Fresh developments bearing on the crisis included:
The British Foreign Office termed Egypt's six-point memorandum on ground rules for the reopened Suez Canal disquieting in that it made no reference to six principles adopted by the U.N. last October as the basis for negotiations on the canal operations.
The United States reserved judgment, but said it expects "a satisfactory interim arrangement will be arrived at" during Hammarskjold's talks with top Egyptians.
Union Investigation
WASHINGTON, March 20--President Dave Beck of the Teamsters Union was ordered today to appear next Tuesday before Senate rackets investigators--and to bring his financial records for 1949 through 1955.
This key development, heralding events that could be spectacular, interrupted testimony of Frank W. Brewster, a vice president of the Teamsters and chairman of the union's Western Conference.

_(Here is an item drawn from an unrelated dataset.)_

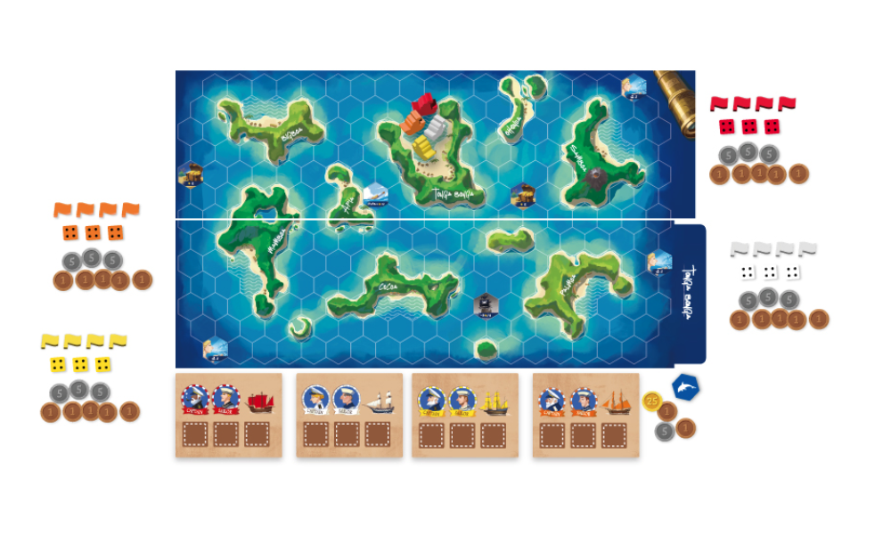 Una vez que todos los dados han sido colocados, por turnos los jugadores mueven su barco, idealmente llegando a las islas antes que otros y dejando una de sus fichas allí. Cada vez que llegas a una isla, recibes $25 del banco, pero debes pagar $5 a cada jugador que haya llegado allí antes que tú. Al final de una ronda, los jugadores cobran los salarios junto a los puestos de capitán y primer oficial que tienen sus dados.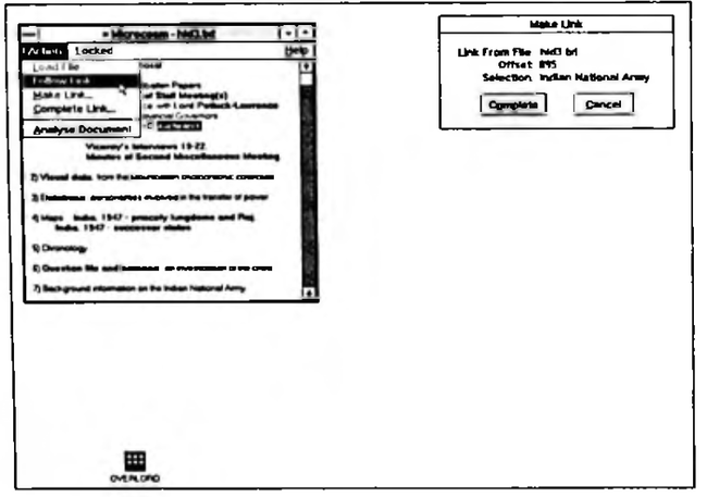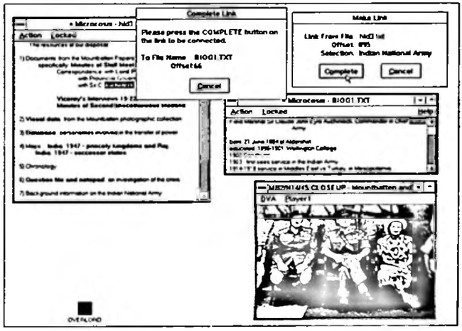 The first full implementation of Microcosm in MS Windows was ready for application development in January 1990. Our first application has been in the area of history and in particular in the development of an electronic version of the Mountbatten Archive. This archive is kept and maintained by the Hartley Library at the University of Southampton, and contains approximately 250,000 text documents, 50,000 photographs, 35 reels of cine film, and various audio and video tapes from the collection of the late Lord Mountbatten of Burma. The challenge is to make this archive available to historians in a way that permits explicit and implicit relationships between the different elements of the archive (text, photographs, film etc.) to be stored and analysed. Together with other colleagues at the University we have created a prototype of the electronic archive, taking documents and photographs from the period 1947-8, when Mountbatten was Viceroy of India. Currently, the text documents are stored as ASCII files on the hard-disc and the photographs are stored on a laser videodisc. Images from the latter are displayed in windows on the VGA screen of the computer workstation via a VideoLogic DVA-4000 board. This application provided the content of Figures i, and has allowed us to explore the potential of the various features that are built into Microcosm. A fuller report of this application and our work with the Department of History at Southampton is given in [Colson & Hall 1990].

Among other things, Brewster told the special Senate committee investigating improper labor and industry activities he owes around $42,000 to George Newell of Seattle, who makes some $300,000 a year in brokerage fees on the union's health and welfare fund. The debt developed out of a racing stable partnership, now dissolved.
A.P. News in Brief
President Eisenhower and Prime Minister Macmillan last night opened their American-British partnership-mending conference with an informal "working dinner," in Tucker's Town, Bermuda. The two chiefs got into preliminary discussions over the table at their midocean club conference headquarters.
Railway union leaders rejected a government wage award yesterday and threatened to add another nation-wide strike to Britain's labor disputes in the shipbuilding and heavy machinery industries. The railroad strike threat developed 24 hours after 2 1/2 million factory workers received union orders to begin a "snowball" walkout next Saturday in manufacturing plants throughout the nation.

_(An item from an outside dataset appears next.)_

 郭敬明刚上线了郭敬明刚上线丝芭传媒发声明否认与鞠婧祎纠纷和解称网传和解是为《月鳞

Communists yesterday won control of an Indian state legislature for the first time. It was the hardest jolt to Prime Minister Nehru's ruling Congress party since the country became independent. The Reds scored their victory in Kerala, a new state established last fall on the tropical Malabar coast of southern India. Kerala's 13 1/2 million people are crammed 800 to the square mile, and unemployment is a perennial problem.
Vice President Nixon ended his African goodwill tour in Tunis, Tunisia, yesterday, convinced American prestige is higher than he had anticipated in all the eight nations he visited during his 22-day trip.